11.2. End of Moore’s Law?¶
Although it is hard to overestimate the degree to which computation has changed modern life, there are limits to what we can do with modern computers and new barriers to progress on the horizon. We have discussed problems that are proven to be unsolvable by any computer, and those that have no polynomial time solution and thus are unsolvable in practical terms on a modern computer. In addition to those algorithmic limits, physical limits are increasingly affecting our ability to build faster computers.
Moore’s Law has served well as a predictor of the growth of the limits of computational power. By relentlessly shrinking the size of computational components we have been able to build more complex and faster processors. But the exponential growth of computer power predicted by Moore’s Law may be close to an end. Modern transistors are manufactured at a size of about 10 nanometers - or 1/10,000th of the size of a human hair. At this scale, the gate in a transistor the blocks or allows current is only about 50 atoms wide.
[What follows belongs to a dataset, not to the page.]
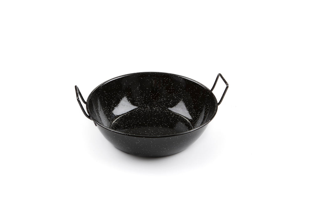 Hohe Pfanne mit zwei Griffen. Die Pfanne hat einen Durchmesser von 500 mm, ist aus emailliertem Stahl und hat zwei Griffe, für eine einfache Handhabung. Die Emaille, mit der die Pfanne überzogen ist, ist glasig und säurebeständig. Mit einem Fassungsvermögen von 17 Litern hat diese Pfanne die ideale Grösse für Gerichte, die schmoren sollen. Geeignet für alle Herdarten, einschliesslich Induktion. Handwäsche empfohlen.

We are nearing the end of our ability to continue shrinking existing silicon microchips. As the scale of components decreases, they become harder to build and harder to make reliable. Every attempt to reduce the size of chips requires increasingly complex new processes. The fabrication facilities used to make cutting edge processors cost billions of dollars - only three companies in the world are actively pursuing commercial manufacturing at smaller and smaller scales. And as features shrink to a few dozen atoms, quantum effects mean they start behaving differently. We can’t just build the same kinds of chips much smaller than we already do. For these reasons, “Moore’s Law is Dead” is a popular sentiment - the steady growth in computing power we have had for over four decades is slowing down.
Computing power will continue to increase, but it will not come by following the path that has given us dramatic speedups year after year. Instead, we will need completely new strategies for increasing the amount of work we can do with computation. These strategies include new materials for microprocessors, doing parallel computing in the cloud, specialized hardware for specific tasks, and researching completely different forms of computation like quantum computation.